In how many ways can the six letters in RANDOM be arranged in linear order so
that
(i) the two vowels A and O are consecutive?
(ii) the letter A precedes the letter O?
A 30-member mathematics department must select one person to chair the discrete
mathematics committee and two other people to co-chair the calculus committee.
(i) In how many ways can this be done?
(ii) In how many ways can this be done if Professor Blue refuses to chair the
discrete mathematics committee?
(iii) In how many ways can this be done if Professor Green refuses to co-chair the
calculus committee?
Best Answer
For part (i), group the $AO$ together into a single unit. So how many ways can we permute five letters? There are $5!$ ways, correct. We now consider $OA$, which gives us another $5!$ permutations. So there are $2 * 5!$ ways to get $A$ and $O$ next to each other. Part (ii) should be easy to answer from here.

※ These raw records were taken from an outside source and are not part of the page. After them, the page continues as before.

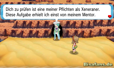 Sie merkt, dass Rayquaza nicht von ihr kontrolliert werden kann. Euer Meteorit beginnt schließlich zu leuchten und veranlasst Rayquaza dazu den Meteoriten zu verschlingen. Rayquaza will nun eure Kraft testen indem ihr gegen es kämpfen müsst. Tretet also gegen es an und fang es. Solltet ihr Rayquaza besiegen erhaltet ihr stets wieder eine neue Chance es zu fangen, bis ihr es euer Eigen nennen könnt. Amalia bringt Rayquaza anschließend die Attacke Zenitstürmer bei und fordert euch zu einem weiteren Kampf heraus. Besiegt sie in diesem Kampf – solltet ihr jedoch gegen sie verlieren geht die Story trotzdem weiter.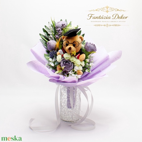 🎓 Ballagási virágcsokor plüss macival – egyedi, kézzel készült ajándék 🎓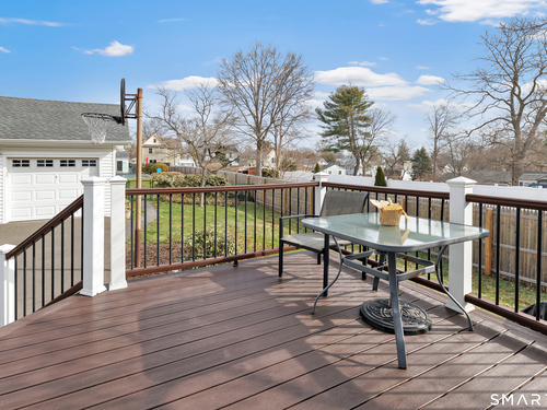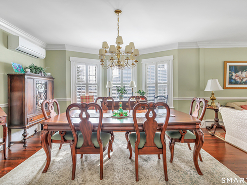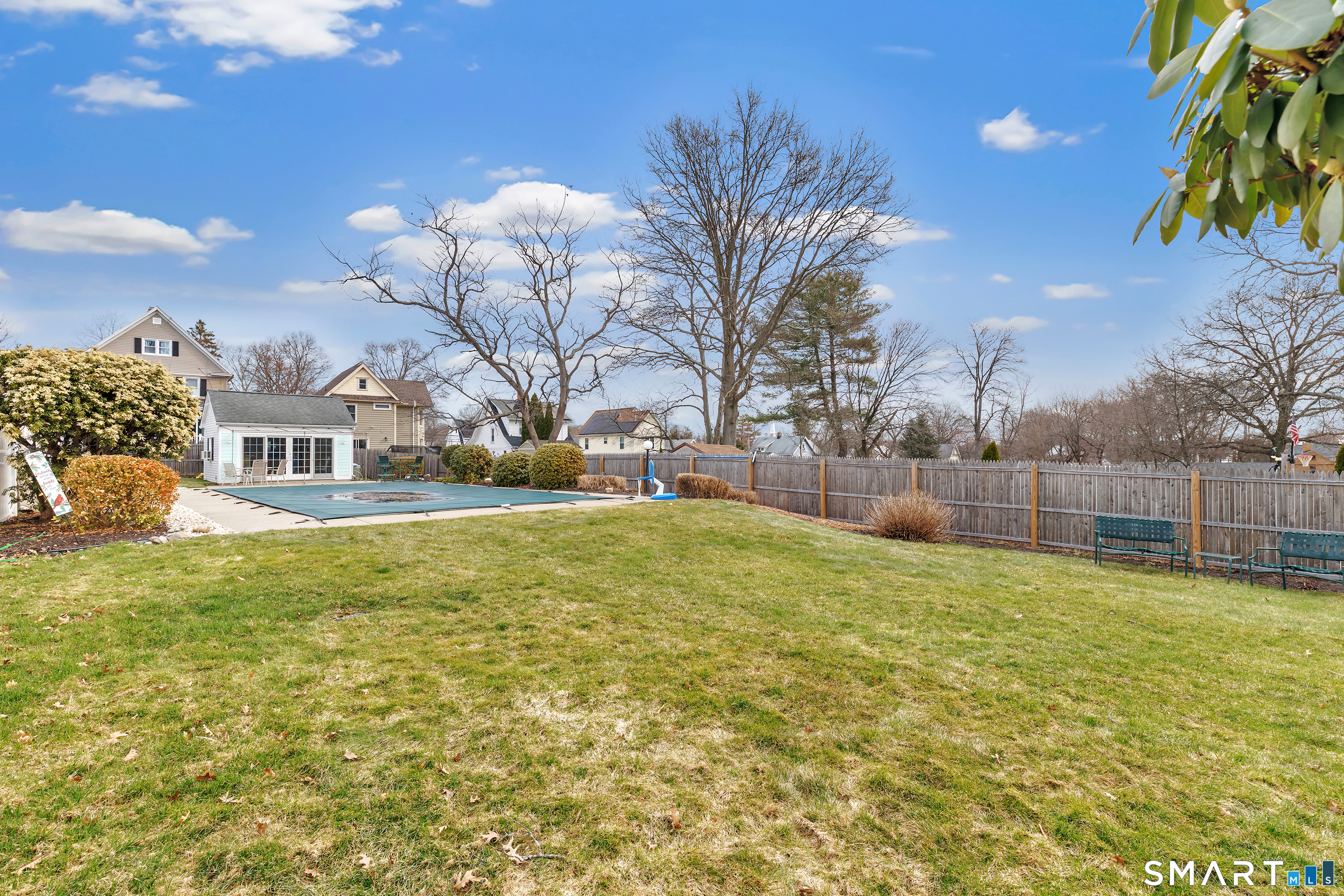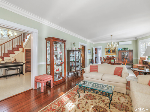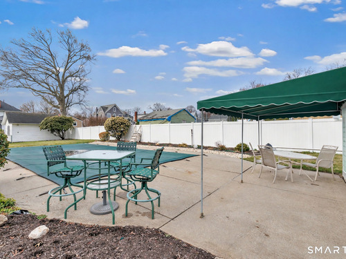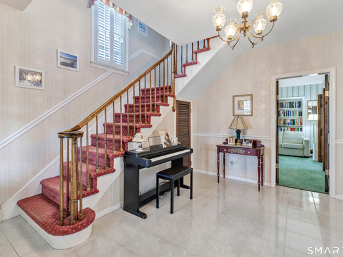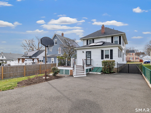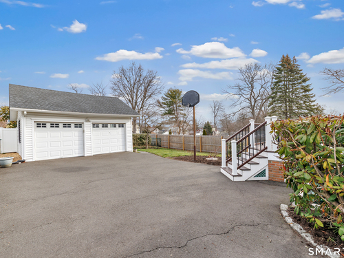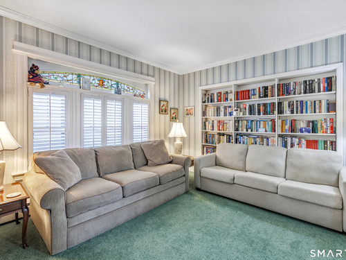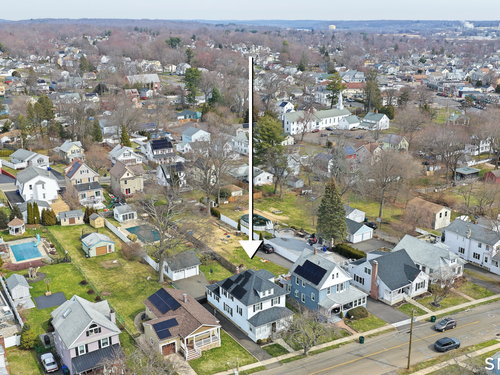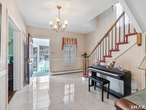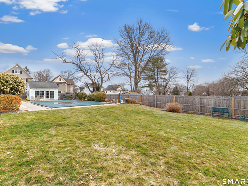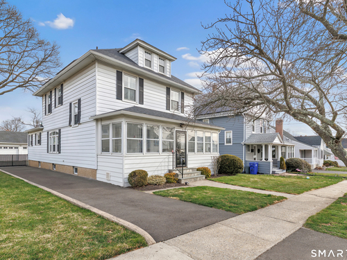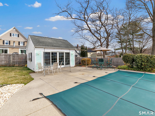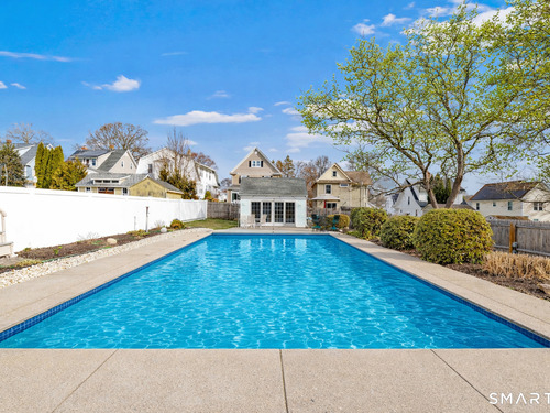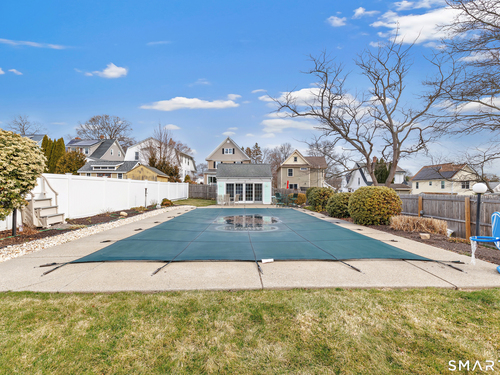 Welcome to a timeless Colonial filled with warmth, character, and over 50 years of pride of ownership. This special home has been lovingly cared for by the same family for 53 years & is now ready for its next chapter. Step inside through the enclosed front porch into a spacious foyer that opens to a bright living & dining room combination featuring recently refinished hardwood floors & impressive 9+ foot ceilings that create an open, airy feel. The main level also includes a cozy den with built-in bookshelves, perfect for a home office or quiet retreat, along with an updated kitchen offering granite countertops and stainless steel appliances. Newer windows throughout the home, most accented with plantation shutters. A full bathroom with a walk-in shower & a convenient stackable washer and dryer complete the first floor. Upstairs you will find three generously sized bedrooms and a second full bathroom. The primary bedroom offers a walk-in closet plus an additional closet. This home also includes an unfinished walk-up attic and a basement with a CT basement system, offering great potential and peace of mind. Major updates include a brand new boiler, split systems added in 2024 for cooling, and a roof only 6 years young & so much more! Step outside to your own private oasis with a fully fenced yard, along with a beautiful in-ground pool & pool house complete with changing area, dry bar & TV. A newer paved driveway leads to a two-car detached gar, completing this incredible home.

For part (iii), how many ways can you pick the chair? There are $\binom{30}{1} = 30$ ways to choose the chairperson. You then choose the co-chairs in $\binom{29}{2}$ ways. Multiply these together to get $30 * 29 * 14$ ways to choose a committee.
For part (iv), if one person refuses to chair the Discrete committee, we only have $29$ possible chairpersons from which to choose. I think you should be able to answer part (v) on your own, or at least attempt it now.